Tuttavia, lo Zagorone non si svolge in flashback se non
in poche sequenze retrospettive. L’avventura, piena di colpi di scena, è, per
il resto, narrata “in diretta” e il dramma si svolge soprattutto nel presente
dello Spirito con la Scure. C’è una fanciulla in pericolo che compare fin dalla
copertina, e che è collegata (in un modo che scoprirete leggendo) con la mamma
del nostro eroe. La storia, per quanto perfettamente e immediatamente
comprensibile da tutti, è inoltre piena di riferimenti e addentellate con altre
storie e collega fra loro varie vicende e strizza l’occhio al lettore, nella
speranza di divertirlo con il gioco di rimandi e anche con il ritorno in luoghi
già noti a chi segue la serie, come il Clear Water. Potrebbe essere divertente (invito chi ne ha voglia a farlo) rintracciare i tanti indizi.
Perché Ferri arriva solo con il terzo volume e non è
stato lui a inaugurare la collana? Perché nel 2011 Gallieno era impegnato nella
realizzazione del numero speciale a colori del cinquantennale (“Lo scrigno di
Manito”). Del resto anche Galep, per una curiosa coincidenza, realizzò il terzo
Texone dopo i primi due di Buzelli e Giolitti.
Per finire, uno spoiler. Chi non ha letto il racconto,
chiuda immediatamente gli occhi. Cristian Di Clemente, su uBC, scrive che la
mia sceneggiatura “è attenta al tumulto interiore vissuto da Zagor,
sottolineato in varie sfumature (la commozione, il turbamento, gli scatti di
nervosismo, l'impazienza) inserite con delicato equilibrio e senza la pretesa
di trasformare lo Spirito con la Scure, tutto d'un tratto, in un 'supereroe con superproblemi'". C’è però anche il tentativo di non
trasformare in una superoina neanche Betty Wilding, o meglio Elizabeth (Lizzy)
Burton. Già il padre di Zagor è, a suo modo, una figura “eccezionale”, per
quello che ha fatto e per le conseguenze che hanno determinato le sue azioni.

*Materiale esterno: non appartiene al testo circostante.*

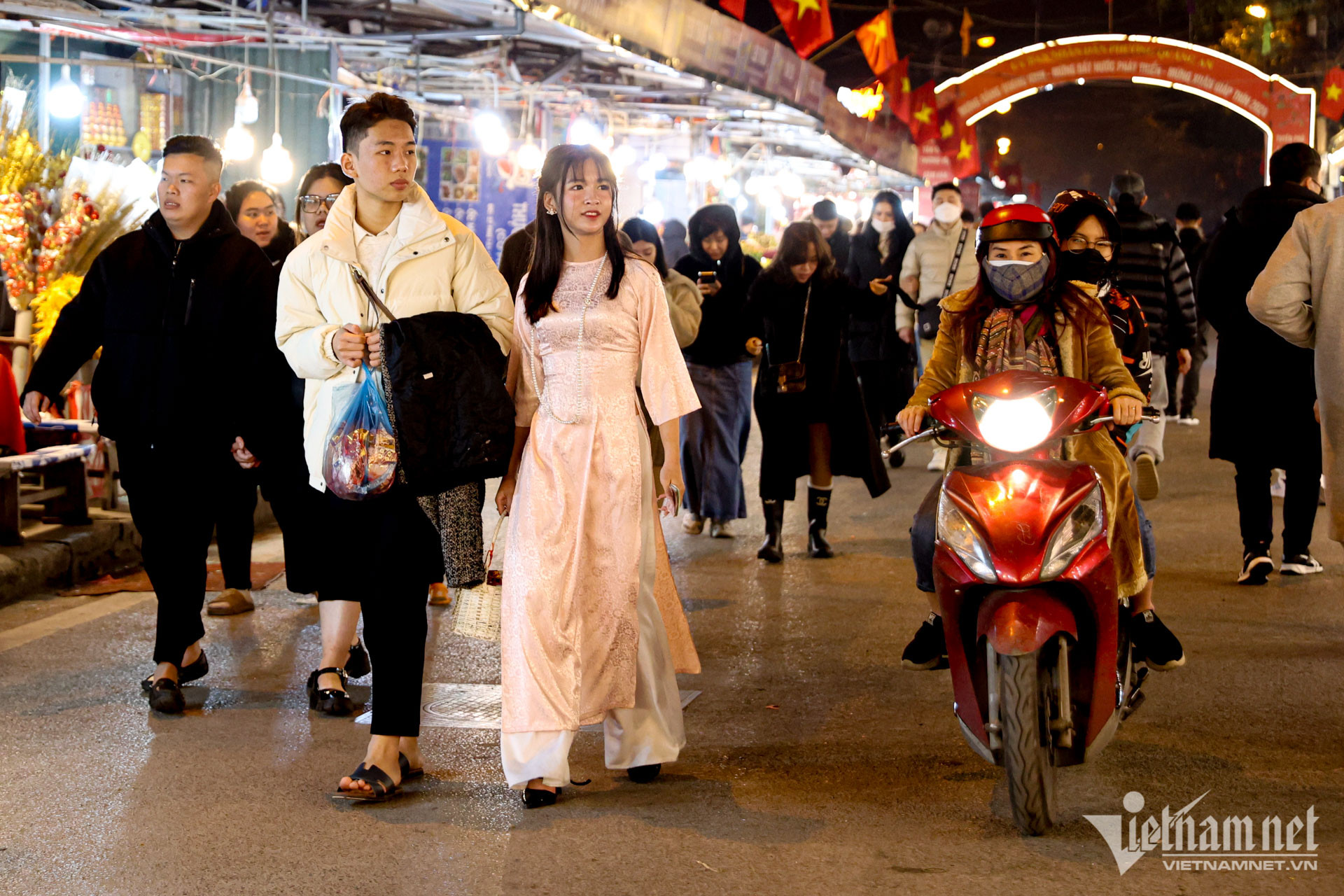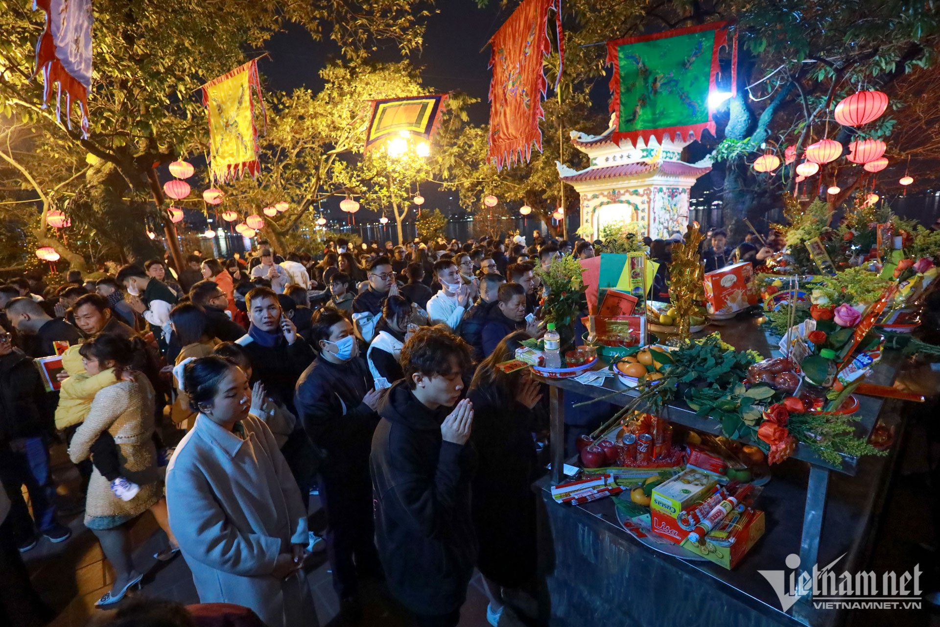 Thời điểm 0h30 mùng 1 Tết, dòng người liên tục đổ về khiến cho lối vào Phủ Tây Hồ đông như ngày hội.

Sarebbe stato strano che anche la madre fosse stata, non so, una principessa o
una nobildonna in fuga. Quello che lo Zagorone chiarisce, sorprendendo il
lettore, è che si tratta invece di una ragazza assolutamente normale, senza che
però la sua vicenda sia banale. Ciò detto, l’avventura è consegnata al vostro
giudizio, quello per il quale è stata pensata e scritta.